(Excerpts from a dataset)
···

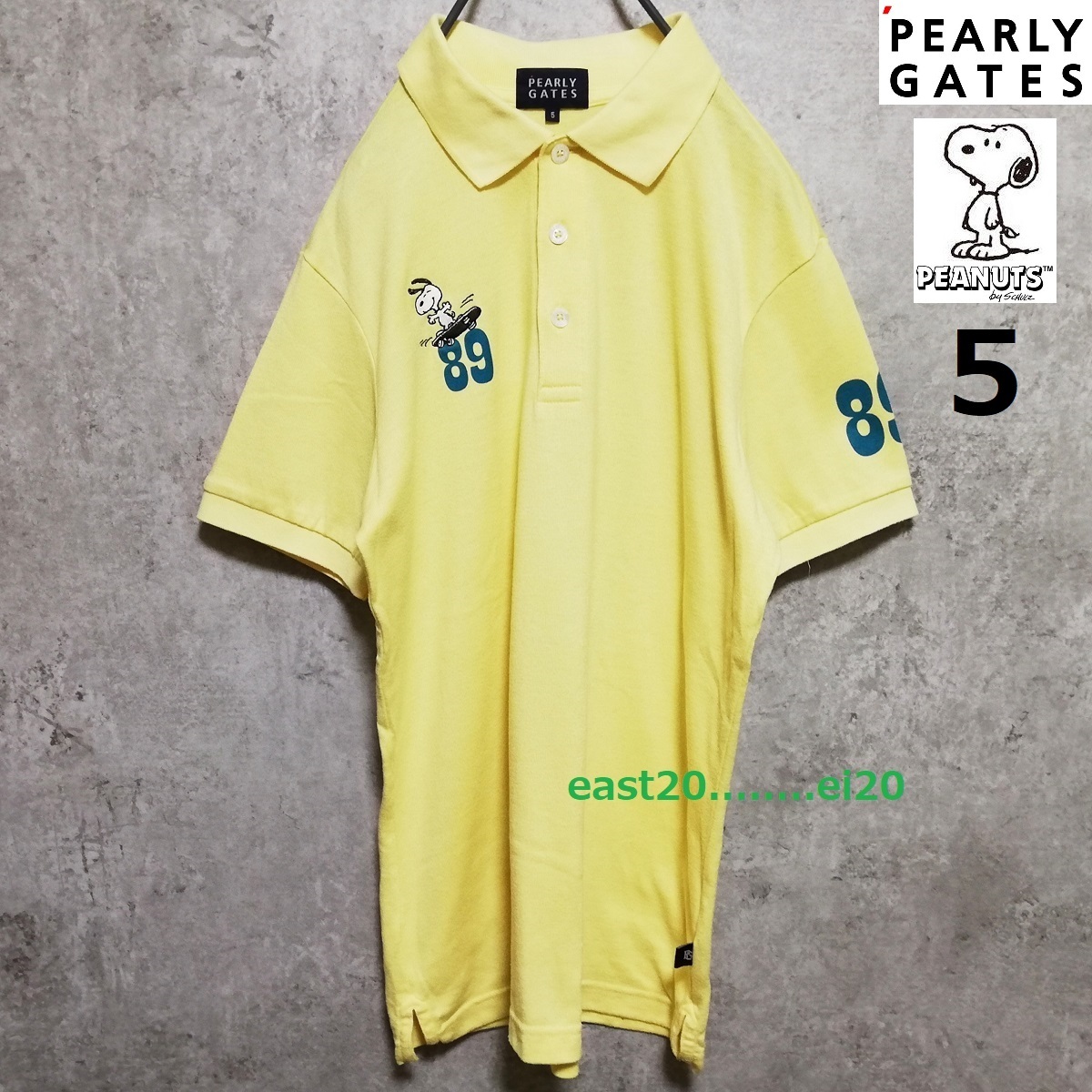 > PEARLYGATES PEANUTS SNOOPY パーリーゲイツ スヌーピー スケボー 刺繍 コラボ メンズ ゴルフ 半袖 ポロシャツ 5 イエロー 即決 送料無料
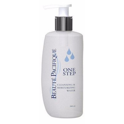Beauté Pacifique One Step Cleansing & Moisturising Water renser skånsomt og effektivt uten bruk av vann. Det løser raskt opp sminke fra ansikt, hals og øyne, samtidig som det fukter og pleier huden i dybden. Produktet fungerer ved å omslutte sminkepartiklene med et lag av tensider/overflateaktive stoffer som danner en rund micelle som ikke fester seg til huden. Passer for alle hudtyper.
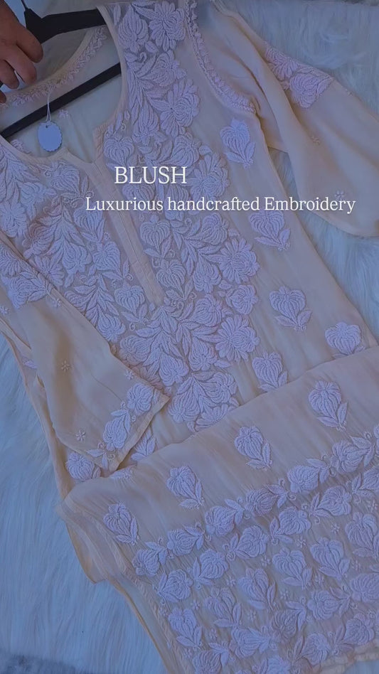 Blush Premium Georgette Chikankari Luxurious Look And Shade Pure Handcrafted
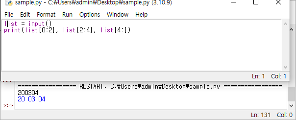 6자리의 연월일(YYMMDD)을 입력받아 나누어 출력해보자.
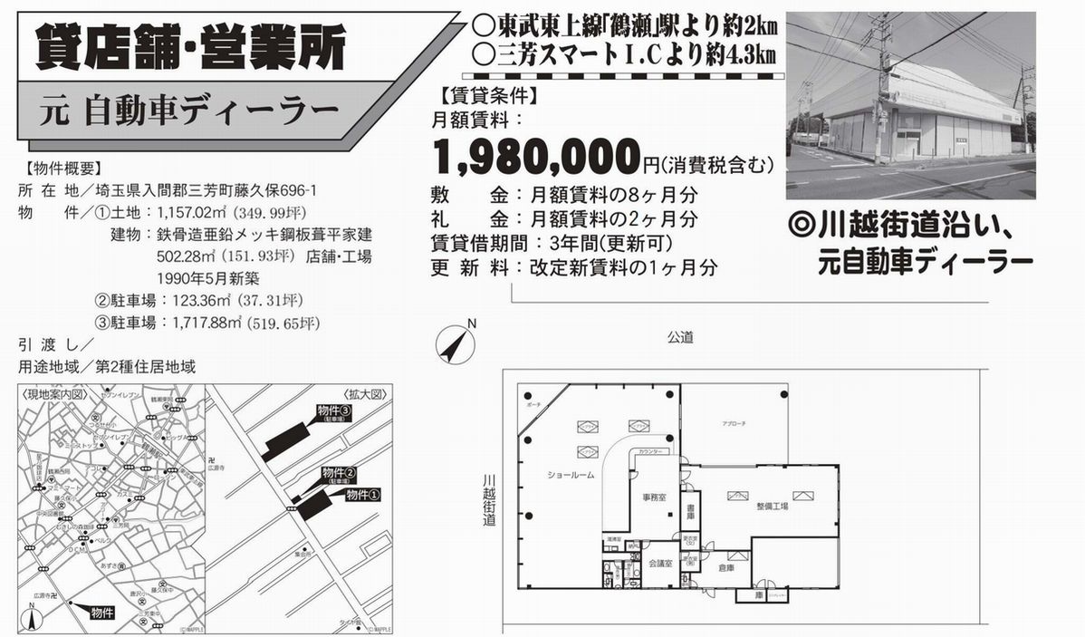 埼玉県入間郡三芳町藤久保696-1 (鶴瀬) 鶴瀬 貸工場 詳細データ
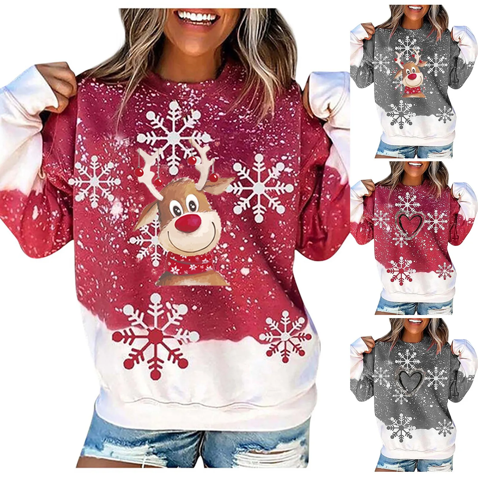 Женская Повседневная Свободная Толстовка с круглым вырезом и длинными рукавами с принтом оленя на Рождество

···

From the line that holds "Blush Premium Georgette" to the last line of the data, return those lines exactly and nothing else; both ends count, and pictures stay out.

Answer for the task =>
 Blush Premium Georgette Chikankari Luxurious Look And Shade Pure Handcrafted
 6자리의 연월일(YYMMDD)을 입력받아 나누어 출력해보자.
 埼玉県入間郡三芳町藤久保696-1 (鶴瀬) 鶴瀬 貸工場 詳細データ
 Женская Повседневная Свободная Толстовка с круглым вырезом и длинными рукавами с принтом оленя на Рождество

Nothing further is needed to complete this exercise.